Doodsangsten bij bestorming opvang Woerden
UTRECHT (ANP). Vluchtelingen en beveiligers hebben doodsangsten uitgestaan toen een groep van ruim twintig belagers op 9 oktober de noodopvang voor vluchtelingen in Woerden in sporthal Snellerpoort aanvielen. Dat bleek woensdag uit hun schriftelijke verklaringen bij de rechtbank in Utrecht.
Op het moment van de aanval verbleven er 150 asielzoekers, onder wie vijftig kinderen. De aanvallers met bivakmutsen op riepen teksten als „oprotten”. Ook gooiden ze met dranghekken, stenen en zwaar vuurwerk en probeerden ze de sporthal binnen te dringen.
Een hondengeleider heeft verklaard dat hij zich „nog nooit zo bedreigd heeft gevoeld”. „Ze gooien met van alles. Wat was er gebeurd als ze binnen hadden kunnen komen?” Een andere beveiliger: „Uit het niets kwamen ongeveer 25 mensen zonder aanleiding op ons af en begonnen direct met het gooien van vuurwerk. Je bent bang dat ze je uit de auto trekken.”

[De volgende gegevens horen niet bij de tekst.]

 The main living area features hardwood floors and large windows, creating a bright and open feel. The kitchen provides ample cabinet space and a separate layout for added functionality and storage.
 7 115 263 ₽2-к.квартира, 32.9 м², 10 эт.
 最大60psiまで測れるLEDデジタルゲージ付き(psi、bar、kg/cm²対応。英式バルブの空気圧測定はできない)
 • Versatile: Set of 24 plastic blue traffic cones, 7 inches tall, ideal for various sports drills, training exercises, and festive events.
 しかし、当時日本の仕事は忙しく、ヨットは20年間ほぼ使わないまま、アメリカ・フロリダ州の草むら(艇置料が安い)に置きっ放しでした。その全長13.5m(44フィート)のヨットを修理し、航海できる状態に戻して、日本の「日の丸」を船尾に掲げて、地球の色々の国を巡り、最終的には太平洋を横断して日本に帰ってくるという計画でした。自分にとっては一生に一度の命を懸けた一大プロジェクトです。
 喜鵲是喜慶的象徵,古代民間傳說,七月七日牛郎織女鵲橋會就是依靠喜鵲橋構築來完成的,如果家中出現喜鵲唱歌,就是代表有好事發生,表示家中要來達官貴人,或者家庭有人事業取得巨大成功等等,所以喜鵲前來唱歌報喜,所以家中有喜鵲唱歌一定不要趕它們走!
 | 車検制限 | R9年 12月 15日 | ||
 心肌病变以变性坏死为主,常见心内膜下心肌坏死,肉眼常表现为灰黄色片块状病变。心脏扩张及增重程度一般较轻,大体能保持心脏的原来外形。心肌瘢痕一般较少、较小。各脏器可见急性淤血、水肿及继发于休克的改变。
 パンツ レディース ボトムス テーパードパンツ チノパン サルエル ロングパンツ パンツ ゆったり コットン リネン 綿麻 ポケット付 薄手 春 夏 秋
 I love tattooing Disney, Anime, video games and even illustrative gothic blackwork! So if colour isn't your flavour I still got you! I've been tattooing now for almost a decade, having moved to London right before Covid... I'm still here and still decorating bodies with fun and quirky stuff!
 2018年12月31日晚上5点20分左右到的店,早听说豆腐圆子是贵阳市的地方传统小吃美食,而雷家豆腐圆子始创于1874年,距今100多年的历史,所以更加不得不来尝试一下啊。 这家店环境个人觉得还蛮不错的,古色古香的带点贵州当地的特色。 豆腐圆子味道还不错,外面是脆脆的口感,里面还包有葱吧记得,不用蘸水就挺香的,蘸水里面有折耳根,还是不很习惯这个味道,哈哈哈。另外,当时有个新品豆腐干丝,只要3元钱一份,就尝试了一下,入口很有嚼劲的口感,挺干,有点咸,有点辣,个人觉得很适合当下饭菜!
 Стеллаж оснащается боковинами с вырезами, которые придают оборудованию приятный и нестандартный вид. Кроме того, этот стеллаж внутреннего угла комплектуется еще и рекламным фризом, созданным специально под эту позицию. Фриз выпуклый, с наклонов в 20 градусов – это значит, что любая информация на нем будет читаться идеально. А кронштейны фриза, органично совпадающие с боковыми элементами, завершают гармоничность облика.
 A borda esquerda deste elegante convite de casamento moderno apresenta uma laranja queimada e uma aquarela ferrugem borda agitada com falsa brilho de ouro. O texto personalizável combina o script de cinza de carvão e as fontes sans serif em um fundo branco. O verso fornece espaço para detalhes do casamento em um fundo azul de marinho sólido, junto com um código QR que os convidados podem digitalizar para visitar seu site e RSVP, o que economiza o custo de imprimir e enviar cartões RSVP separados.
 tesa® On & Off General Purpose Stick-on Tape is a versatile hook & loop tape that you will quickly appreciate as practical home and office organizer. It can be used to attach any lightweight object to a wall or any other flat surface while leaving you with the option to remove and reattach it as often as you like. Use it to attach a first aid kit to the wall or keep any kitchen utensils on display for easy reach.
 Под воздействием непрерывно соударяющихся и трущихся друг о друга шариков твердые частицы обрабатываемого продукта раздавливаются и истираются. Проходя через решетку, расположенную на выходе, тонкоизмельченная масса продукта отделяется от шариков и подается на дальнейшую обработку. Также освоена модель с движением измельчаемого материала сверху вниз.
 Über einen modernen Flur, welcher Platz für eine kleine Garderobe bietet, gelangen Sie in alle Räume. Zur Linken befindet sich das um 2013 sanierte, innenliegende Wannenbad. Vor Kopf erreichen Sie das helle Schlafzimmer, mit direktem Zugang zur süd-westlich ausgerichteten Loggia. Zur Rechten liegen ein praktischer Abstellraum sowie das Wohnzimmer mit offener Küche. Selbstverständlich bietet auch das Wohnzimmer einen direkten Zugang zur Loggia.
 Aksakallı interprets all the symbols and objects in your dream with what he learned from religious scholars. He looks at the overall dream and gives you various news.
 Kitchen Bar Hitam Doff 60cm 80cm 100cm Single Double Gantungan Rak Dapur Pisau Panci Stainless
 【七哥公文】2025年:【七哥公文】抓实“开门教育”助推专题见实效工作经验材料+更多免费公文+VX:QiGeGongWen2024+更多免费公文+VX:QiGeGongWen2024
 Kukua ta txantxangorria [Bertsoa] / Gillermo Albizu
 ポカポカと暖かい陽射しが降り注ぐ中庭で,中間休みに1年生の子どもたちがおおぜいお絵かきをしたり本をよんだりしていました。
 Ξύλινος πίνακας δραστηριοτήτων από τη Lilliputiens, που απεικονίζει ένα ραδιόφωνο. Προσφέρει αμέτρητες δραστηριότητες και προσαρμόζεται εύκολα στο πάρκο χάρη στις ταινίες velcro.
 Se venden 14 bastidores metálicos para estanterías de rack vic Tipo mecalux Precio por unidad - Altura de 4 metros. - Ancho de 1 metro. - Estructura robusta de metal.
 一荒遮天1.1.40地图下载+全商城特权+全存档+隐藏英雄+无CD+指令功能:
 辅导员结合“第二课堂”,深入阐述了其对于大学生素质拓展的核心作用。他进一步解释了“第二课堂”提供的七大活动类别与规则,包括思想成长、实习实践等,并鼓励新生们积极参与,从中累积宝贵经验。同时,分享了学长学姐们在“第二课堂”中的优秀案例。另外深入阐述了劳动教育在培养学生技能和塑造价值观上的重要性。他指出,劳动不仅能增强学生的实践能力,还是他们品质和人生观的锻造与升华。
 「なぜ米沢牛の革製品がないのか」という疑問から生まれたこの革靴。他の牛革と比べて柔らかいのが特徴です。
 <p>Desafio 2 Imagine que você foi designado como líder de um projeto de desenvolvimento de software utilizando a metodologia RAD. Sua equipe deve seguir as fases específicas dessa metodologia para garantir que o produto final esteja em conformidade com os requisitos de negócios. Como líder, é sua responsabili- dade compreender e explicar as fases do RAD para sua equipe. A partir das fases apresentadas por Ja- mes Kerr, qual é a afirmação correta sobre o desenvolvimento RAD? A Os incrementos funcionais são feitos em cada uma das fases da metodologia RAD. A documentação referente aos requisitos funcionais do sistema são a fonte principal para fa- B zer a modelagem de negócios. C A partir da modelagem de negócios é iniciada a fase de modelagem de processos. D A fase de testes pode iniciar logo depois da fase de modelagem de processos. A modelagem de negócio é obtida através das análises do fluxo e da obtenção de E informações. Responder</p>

In totaal moeten achttien mannen zich woensdag en donderdag bij de rechter in Utrecht verantwoorden voor de aanval. De aanvallers waren gehuld in het zwart. Een van hen droeg een sjaaltje met een witte doodskop. „Ik was bang dat er iets met de vluchtelingen zou gebeuren”, zei de betrokken vrouwelijke beveiliger.
Verdachte Rocco V. (27) zei tegen de rechters dat hij na „de eerste knal” zo snel mogelijk is weggegaan. „Wat ik zag was niet normaal. Ik had een normale demonstratie verwacht.” Ook twee andere verdachten zeggen een protest te hebben verwacht, geen aanval.
De aanklaagster gelooft er niets van. „Het was wel degelijk een voorbereid plan. De verdachten hebben zich als lid van de groep gemanifesteerd door zich op dezelfde manier onherkenbaar uit te dossen.”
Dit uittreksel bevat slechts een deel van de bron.